§ Entries provided:
++++++

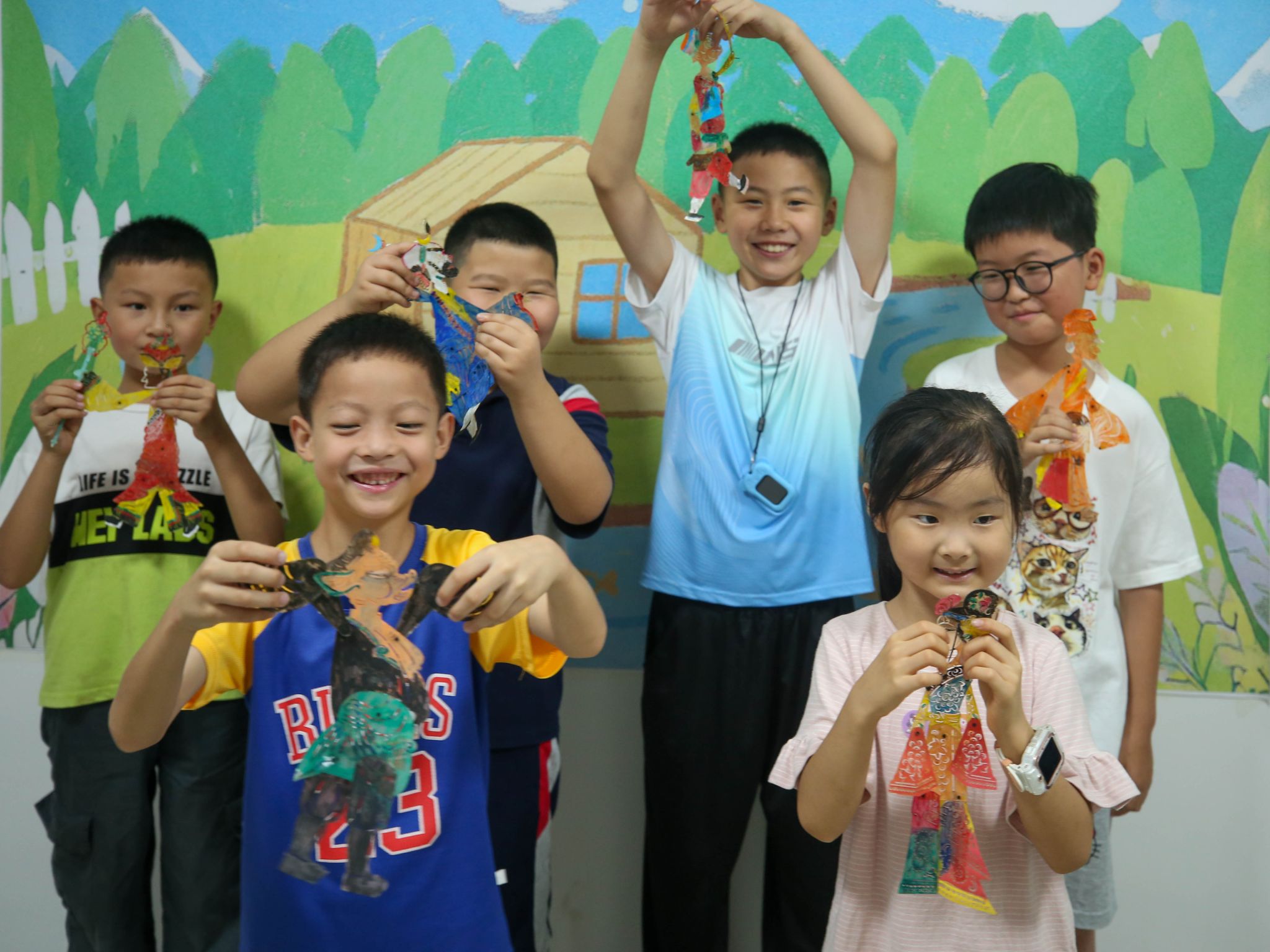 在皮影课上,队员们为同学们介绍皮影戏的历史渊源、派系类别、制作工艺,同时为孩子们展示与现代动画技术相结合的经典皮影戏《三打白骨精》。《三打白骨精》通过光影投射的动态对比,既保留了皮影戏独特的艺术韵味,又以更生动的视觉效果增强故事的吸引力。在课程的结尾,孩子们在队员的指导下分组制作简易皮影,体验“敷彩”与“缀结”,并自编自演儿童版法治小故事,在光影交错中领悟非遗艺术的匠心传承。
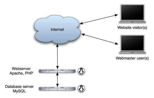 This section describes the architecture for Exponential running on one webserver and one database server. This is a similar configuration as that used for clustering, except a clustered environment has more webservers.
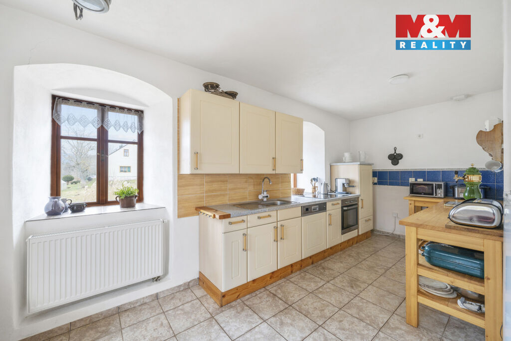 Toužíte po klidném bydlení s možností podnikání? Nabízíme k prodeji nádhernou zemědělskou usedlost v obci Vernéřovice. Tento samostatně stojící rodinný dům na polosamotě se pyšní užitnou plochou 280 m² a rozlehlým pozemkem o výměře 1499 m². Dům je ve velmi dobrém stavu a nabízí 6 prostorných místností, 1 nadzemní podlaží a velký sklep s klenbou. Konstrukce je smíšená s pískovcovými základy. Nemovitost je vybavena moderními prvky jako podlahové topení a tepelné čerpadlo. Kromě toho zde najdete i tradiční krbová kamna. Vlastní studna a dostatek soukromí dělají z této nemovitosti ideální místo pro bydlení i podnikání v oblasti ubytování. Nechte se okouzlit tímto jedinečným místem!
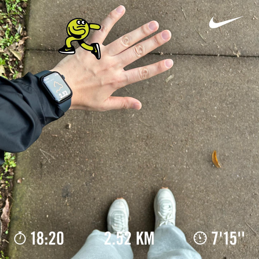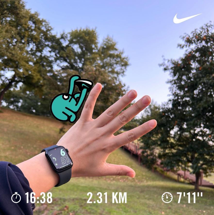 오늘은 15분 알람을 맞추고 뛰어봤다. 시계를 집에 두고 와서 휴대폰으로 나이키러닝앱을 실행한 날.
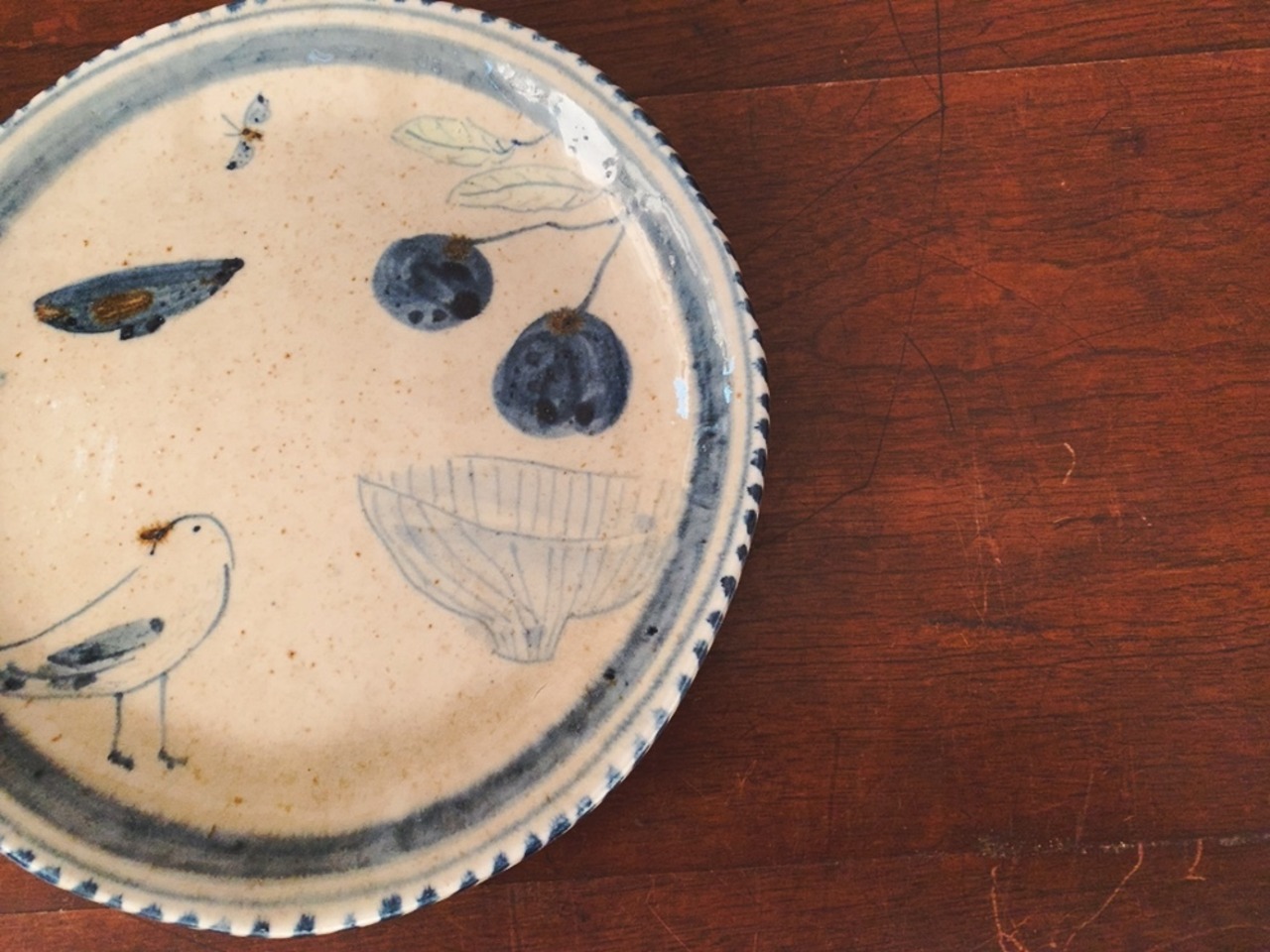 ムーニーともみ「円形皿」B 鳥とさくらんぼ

++++++

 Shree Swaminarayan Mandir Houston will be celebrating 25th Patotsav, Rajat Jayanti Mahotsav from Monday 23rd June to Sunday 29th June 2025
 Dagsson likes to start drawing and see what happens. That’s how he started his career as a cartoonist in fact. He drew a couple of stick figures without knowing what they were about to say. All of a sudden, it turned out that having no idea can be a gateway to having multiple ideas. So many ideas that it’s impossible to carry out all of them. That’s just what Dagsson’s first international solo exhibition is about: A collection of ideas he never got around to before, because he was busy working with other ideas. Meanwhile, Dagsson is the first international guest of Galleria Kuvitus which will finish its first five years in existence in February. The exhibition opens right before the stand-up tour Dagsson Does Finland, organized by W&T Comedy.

++++++

§ Task goal: The lines to return are those in the records above that hold the word "will".

§ Result of this task:
 Shree Swaminarayan Mandir Houston will be celebrating 25th Patotsav, Rajat Jayanti Mahotsav from Monday 23rd June to Sunday 29th June 2025
 Dagsson likes to start drawing and see what happens. That’s how he started his career as a cartoonist in fact. He drew a couple of stick figures without knowing what they were about to say. All of a sudden, it turned out that having no idea can be a gateway to having multiple ideas. So many ideas that it’s impossible to carry out all of them. That’s just what Dagsson’s first international solo exhibition is about: A collection of ideas he never got around to before, because he was busy working with other ideas. Meanwhile, Dagsson is the first international guest of Galleria Kuvitus which will finish its first five years in existence in February. The exhibition opens right before the stand-up tour Dagsson Does Finland, organized by W&T Comedy.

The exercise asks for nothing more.